Much as the American network of black colleges, churches, and NAACP chapters scaled up the civil rights mobilization, Cornforth et al. (1988) suggest the British CSO network
drove mobilizations for worker co-operation. However, like the mobilizing network that forged the American civil rights movement from 1955 to 1968, the British CSO network of the early 1980s was also embedded in a wider ensemble of social movement relations and alliances. Like Develtere (1992), Cornforth and Thomas (1990) conclude that an institutional perspective on co-operative development thus needs to be embedded in a social movement approach to be sensitive to contextual and cultural factors:
We need to go beyond concentration on individual co-operatives and the individual mechanisms for support and to look more closely at cultural and ideological factors in particular movements. This is one route to explaining why some support structures work well at regenerating co-operative ideals while others with similar structures can be more or less stultifying. Hence it is important to look at the processes at play within co-operative movements as well as at individual co-operatives and their requirements. (p. 459)
Clearly, the dual structure of co-operation—as a business sector and a movement of democratic associations—has implications for how we conceive of co-operative
development. It logically follows that developing co-operatives, unlike investor-owned businesses, requires a movement (and social movement organizations) to animate, educate, and organize co-operative proponents and members into vital democratic associations. At the same time, they require a technical assistance infrastructure (or business development organizations) to help build strong businesses that can succeed in market competition.

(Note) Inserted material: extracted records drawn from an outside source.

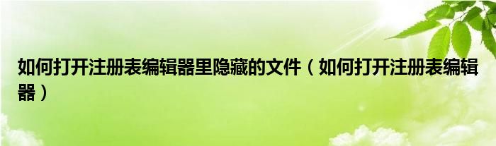 大家好,来宝来为大家解答以下问题,如何打开注册表编辑器里隐藏的文件,如何打开注册表编辑器很多人还不知道,今天让我们一起来看看吧!
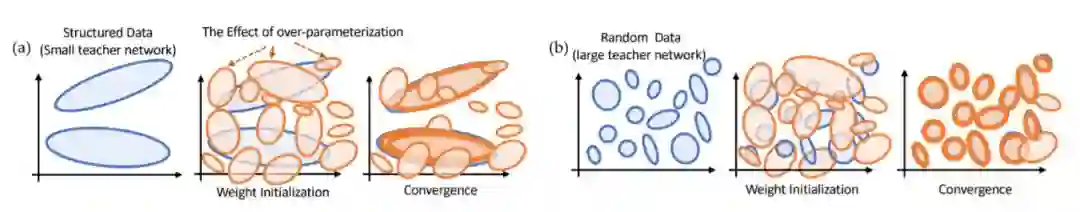 对于结构化的数据,其对应生成数据的教师网络较小,过参化得到的学生网络中的结点会优先朝着教师网络的结点收敛过去,并且初始时和教师网络结点重合较大的学生结点(也即是“幸运神经元”,lucky weights/nodes)会收敛得更快,这样就会产生“胜者全拿”的效应,最后每个教师结点可能只有几个幸运学生结点对应。对于随机数据,其对应的教师网络比较大,学生结点会各自分散向不同的教师结点收敛。这就是为什么同样大小的模型可以同时拟合两者。并且因为胜者全拿的效应,学生倾向于用最少的结点去解释教师,从而对结构数据仍然具有泛化能力。
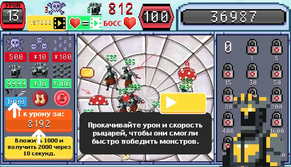 В начале игры у вас будут существа и стол низкого качества, с каждым уровнем будет улучшаться стол, музыка и существа. На поле боя можно призывать рыцарей и монстров. Они призываются в случайную точку. Монстры наносят случайный урон. Рыцари редко могут нанести двойной урон. Ваша цель: открыть последнее существо и победить босса. Для достижения цели, можно часто нажимать на существ и соединять их, инвестировать в кузницу, ловить монеты, устроить бои или самому бить монстров нажимая по ним.
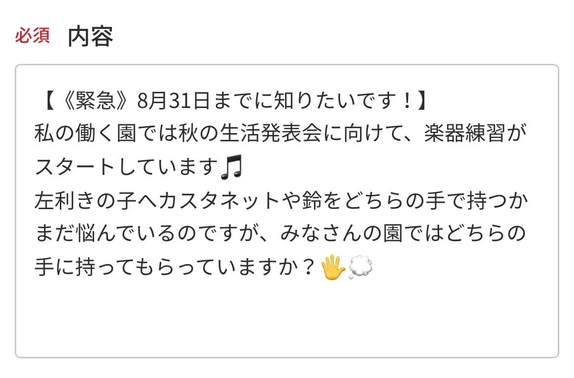 例)《緊急》明日の保育内容に困っています!

Rather than treat co-operatives as economic units operating in a self-enclosed, functional economic system, and development as a series of isolated, utility-maximizing ―transactions‖ of atomized joiners, this perspective places development in a larger socio-historical context populated by evolving and inter-dependent institutions, networks, ideologies, and movements. Co-operatives thus emerge in a field of
relationships that either help, or fail to help, define and develop them.
Following on Rogers (1995), innovation-adoption decisions take place in an historical context of institutionally structured choices. In other words, the founding members‘
decision is a contingent decision: it is shaped by prior innovation-adoption decisions by social movements and other players. For example, the co-operative movement and state
may decide to develop intermediary organizations, financing pools, or tax incentives to support co-operative innovation. Co-operative firm formation is therefore both part of a broader, historical process of social innovation (i.e. developing the field or climate for co-operative development) and a discrete business decision by one particular set of founding members of one particular co-operative in one time and place. Long-range strategic movement decisions necessarily define the range of tactical options available to prospective new co-operative sponsors in the short-term. By raising the innovation‘s profile, minimizing risk, and introducing incentives for adopters of the co-operative model, prior innovation decisions can inform, motivate, protect, and persuade. While the transactional approach thus discounts the historic role of movements in conditioning future innovation-adoption decisions, the relational (or developmental) approach places a premium on this aspect; this is the conceptual basis for active development strategies.